A painting auctioned without the owner's consent. (c) Christie's
Oh dear, oh dear.... Not a museum being stolen from, but further news from the BBC on a museum selling items loaned to it, without the owners' consent. Massive Whoops.
The British and Empire Commonwealth Museum in Bristol closed in 2008, and Bristol City Council now plans to use the collection in redeveloping it's museum and art gallery. However, 144 items loaned to the museum are currently still unaccounted for, items having been sold to a London-based art dealer (who says he was assured it was all ok), and some pieces having appeared without provenance at auction. This may not be the full story, as no full audit has been previously carried out, so it's impossible to fully track losses.

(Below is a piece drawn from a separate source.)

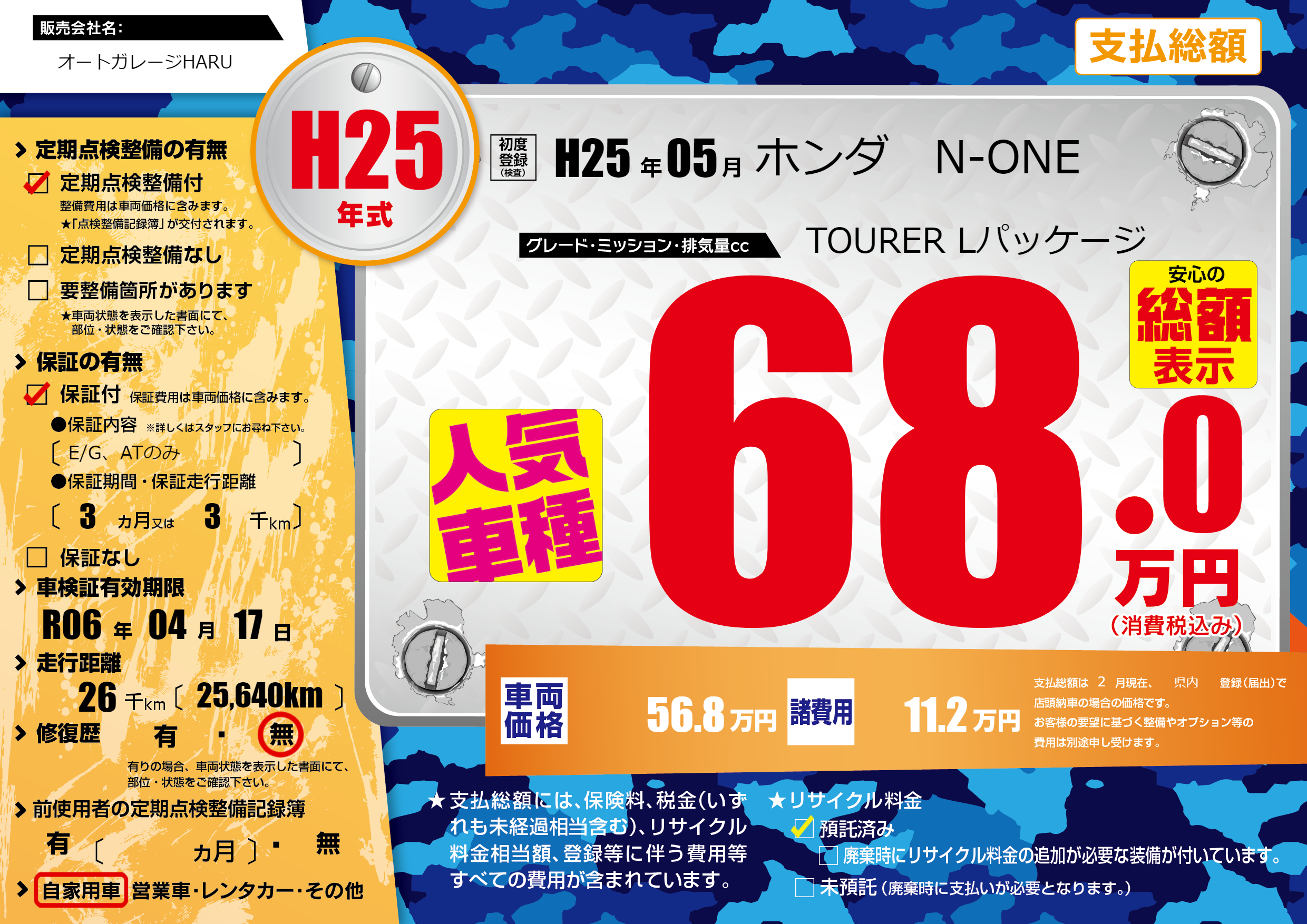| 車検制限 | R06年 04月 17日 | ||

The director was questioned by police, claimed everything he sold was fully audited, and in a beautiful spat then pointed the finger at the museum's trust for failing to provide a public benefit or cope with financial pressures. The trust have (quite honestly and rightly) explained that they didn't know about all the sales, and that when they delegated responsibilities to him they thought him sensible enough to well, you know, act like a professional, so he has no right to blame them for his own choices or failures to manage.
There is a long standing relationship between museums and benefactors, fostered carefully through the years as venues have developed. Hopefully this won't deter others from allowing their objects to help inform, entertain and enlighten others.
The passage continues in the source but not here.